I use to sell it at a head-shop I worked at a year ago. Though personally I never tried Kratom, I've gotten mixed feedback about it. Some people said it did diddly-squat, while others compared it to feeling similar to anywhere from codeine to hydrocodone. Many people swore it took the edge off of withdrawals.
 
JUKIE girl your fucked the devil heard u and came runnig. To him taht was a sweet deal. Our souls are pricelss and very special. They're more important than u cud imagine. Im not trying to freak u out but im religeous and believe in such things.
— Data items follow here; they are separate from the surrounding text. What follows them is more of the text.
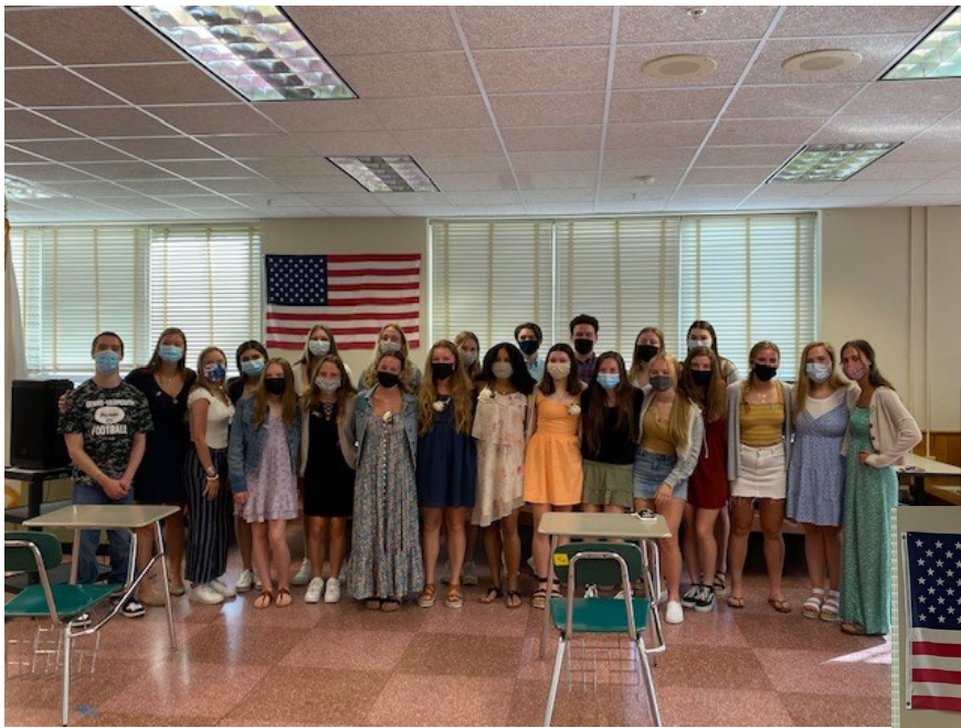
LEFT: The DY Interact Club for 2020-2021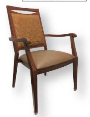
MORGAN (S) 24"W x 24" D x 38.25" H

LEDGEND (S)—STACKS 5 HIGH Ask about Quick Ship Mode starting at $229 EA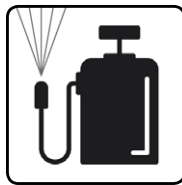
PUMP SPRAYER 3 coats minimum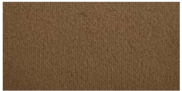
MERASA | 112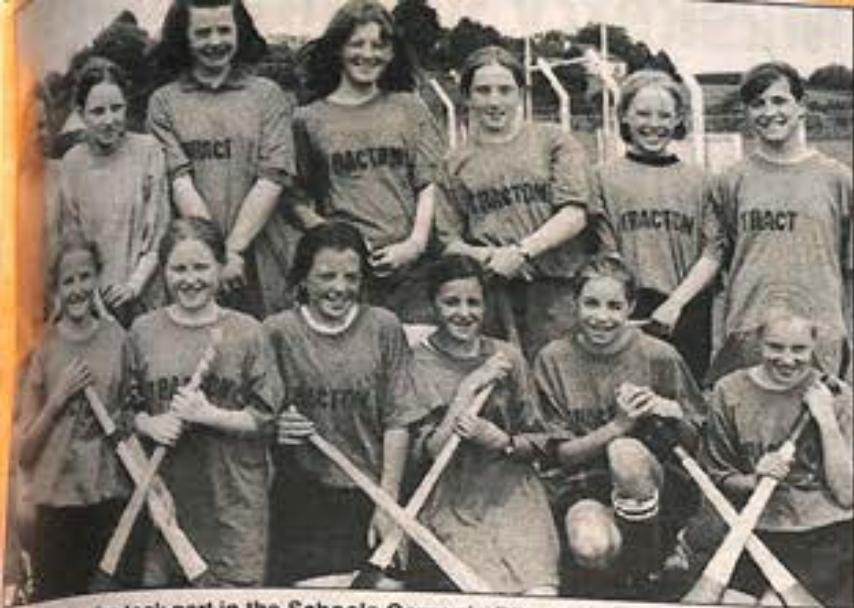
Tracton, who took part in the Schools Camogie Blitz in Carrigaline recently.

Your soul is your personality and what makes u u.aswell as alot more. Its yours for now but he's waiting for whats owd.
 
JOKE HA ALTHO I am religeous and wasnt lying imo though, im sure it was just a coincedence
 
I hope it was purely a coincidence. At that moment I would've given anything to avoid feeling that way, so in a cry of desperation i uttered the words and it just so happened to work. Some scary shit I tell ya what. I was relieved, but at the same time I was overwhelmed with fear. I was thinking to myself "Oh sh*t. What the f*ck did I just do?!" I'm a bit superstitious, but there's no denying that my luck has been great since *knocking on wood*, with dodging withdrawals at least. Haven't been sick since that day. The thought of me not being so lucky one day still terrifies me. I never want to feel that way ever again, but I don't want to burn in hell for eternity either.